5) The champion. The idea is spread by an energetic, enthusiastic “evangelist.” If Jesus is the original catalyst in Christianity, Paul is the champion. (They don’t say much more in the book about the champion, which is curious.)
The role of the catalyst is important enough that B&B spend a lot of time explaining it. They give 12 characteristics of an effective catalyst, which I reproduce here with some explanation for the ones that are not self-explanatory.
a) Genuine interest in others.
b) Loose (and very broad) connections. (Ie. a substantial “rolodex.”)
c) Mapping. (An understanding of social networks and how individuals fit into them.)
d) A desire to help.
e) Passion. (Cheerleading for the ideology.)
f) Meets people where they are. (Not demanding that they change as a condition of participation.)
g) Emotional intelligence. (Knows how to forge emotional bonds.)
h) Trust. (For the network and the people in it. Non-controlling.)
i) Inspiration. (Being a good example of the principles in your own life.)
j) Tolerance for ambiguity. (Not needing to have everything defined and nailed down.)
k) Hands-off approach.
l) Receding. (Able to turn the agenda over to others.)

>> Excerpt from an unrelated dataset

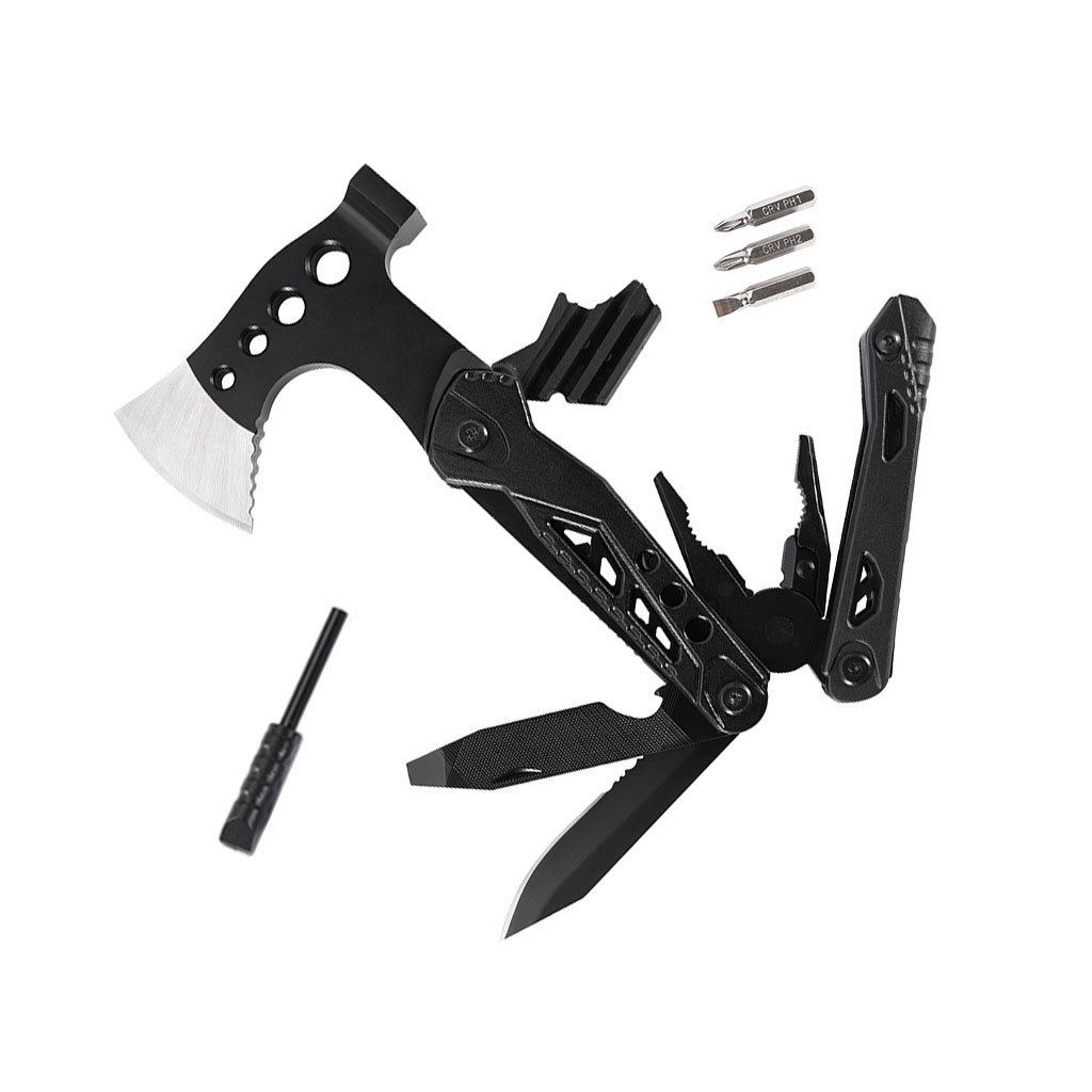15-in-1 Portable Multi-function Survival Hatchet with 3 Screw Bits includes the following features :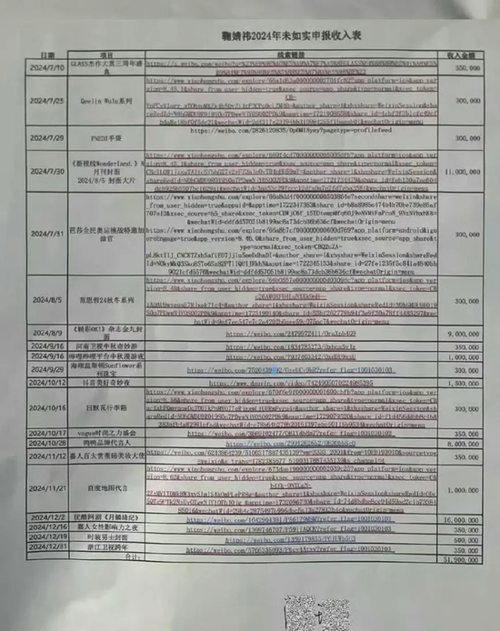 此外,B站中秋夜、抖音奇妙夜、浙江卫视跨年等晚会演出,以及海瑞温斯顿等品牌站台活动,均有明确收入记录。举报方还附上了收入申报表、未申报项目明细等佐证材料,质疑其通过个人工作室拆分收入、规避纳税义务。

As a further clarification, B&B give this helpful contrast between the catalyst and the CEO:
command and control trust
rational emotionally intelligent
in the spotlight behind the scenes
The church needs to cultivate catalysts. It also needs to ditch its CEO’s. Many great and effective pastors have functioned as catalysts in this sense. These are the folks we need to lift up and learn from.I am beginning to envision a “Starfish Christianity” that emphasizes being local, decentralized, flat, distributed, networked, and integrated into the culture. This means that some common elements of Christianity become more problematic: clergy, buildings, hierarchies, bureaucracies, and so forth. The Starfish Christianity of Emergence will be small groups, spread out, relating to each other in mostly informal connections; they will gather around the Word in the power of the Spirit, and seriously help each other to follow in Jesus’ way of healing, liberation, peace, justice, forgiveness, and love.